The four counts pertained to three fires: one set in a garbage bin at Okanagan College, and two others set about a kilometer away near Kal Lake Store. Betton said the two off-campus fires were fueled by "piles of straw called wattles" which are used for erosion control, and railway ties. The fires were set on Christmas Eve in 2010, and Vernon fire chief Lawrie Skolrood concluded they had been deliberately ignited.
Wade was arrested in the area, not long after the fires were discovered.
"He was carrying an overnight bag including two bottles of cologne... a lighter and cigarette butts," Betton said.
In his statement to police, Wade said he had arrived at the college by bus after visiting his girlfriend in Kelowna. He said he went to the school gazebo to collect cigarette butts, then walked down a path toward the railway tracks.

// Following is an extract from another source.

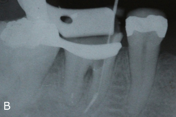 The tooth was provisionally restored. A radiograph was taken (Figure 9A). A post, buildup, and crown restoration were planned for a later session. Twelve months after the completion of treatment, the patient returned for control with no spontaneous pain, and no radiographic changes (Figure 9B).

The bottles were half empty, and investigative work revealed the principle ingredient in the cologne was a type of alcohol capable of accelerating a fire. A constable on scene noted Wade smelled of smoke—the fire, not the cigarette kind.

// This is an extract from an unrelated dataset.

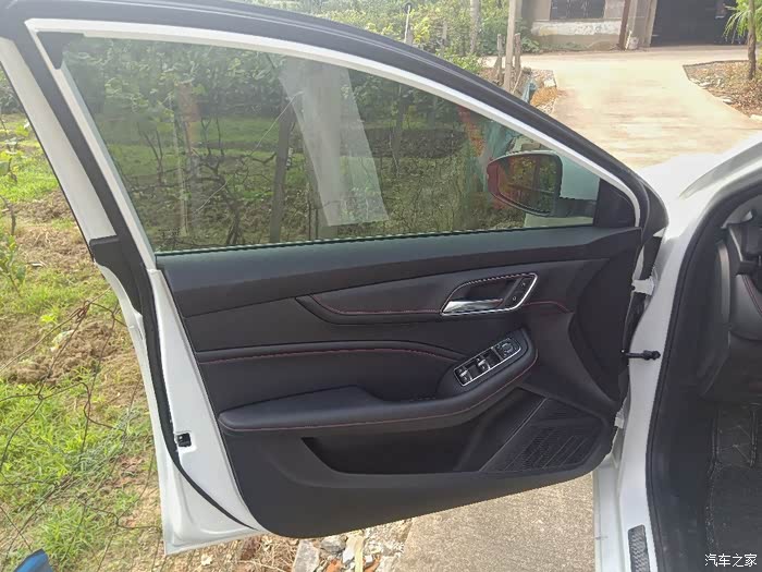 前门门板多处软包,后视镜调整按钮设计在了门玻璃的位置,不用低头去找还是挺方便的。

Around the area was a set of lone footprints. These impressions were compared with Wade's shoes and revealed a similarity in size and pattern. Snowfall meant an accurate impression of the footprints could not be achieved, and an identical match could not be made.
Skolrood testified that because of weather conditions, a substantial heat source would have been required to light the fires as quickly as they were. The cologne and lighter found in Wade's bag might have been enough, but Betton wasn't willing to make that conclusion. In fact, he wasn't prepared to put his faith in any of the evidence.
"The lighter and cologne are not in and of themselves enough to be suspicious," Betton said. "The footprint evidence cannot be linked specifically to the accused's shoes."
He noted that Wade simply being in the location was not enough to associate him with the fire.
"The ultimate question is whether the evidence taken as a whole is such that I can be satisfied beyond a reasonable doubt the accused is guilty," Betton said.
Crown counsel Cristina Cabulea argued there was enough circumstantial evidence to convict Wade of the crimes. But Betton wasn't taking any chances.
"I cannot say I am satisfied beyond a doubt, and the accused is entitled to the benefit of that doubt," Betton said.
Wade shook hands with defense lawyer Claire Abbott, and emerged from the court room to an abundance of hugs from family members. He told InfoTel News he was very happy about the verdict, but declined to answer any further questions.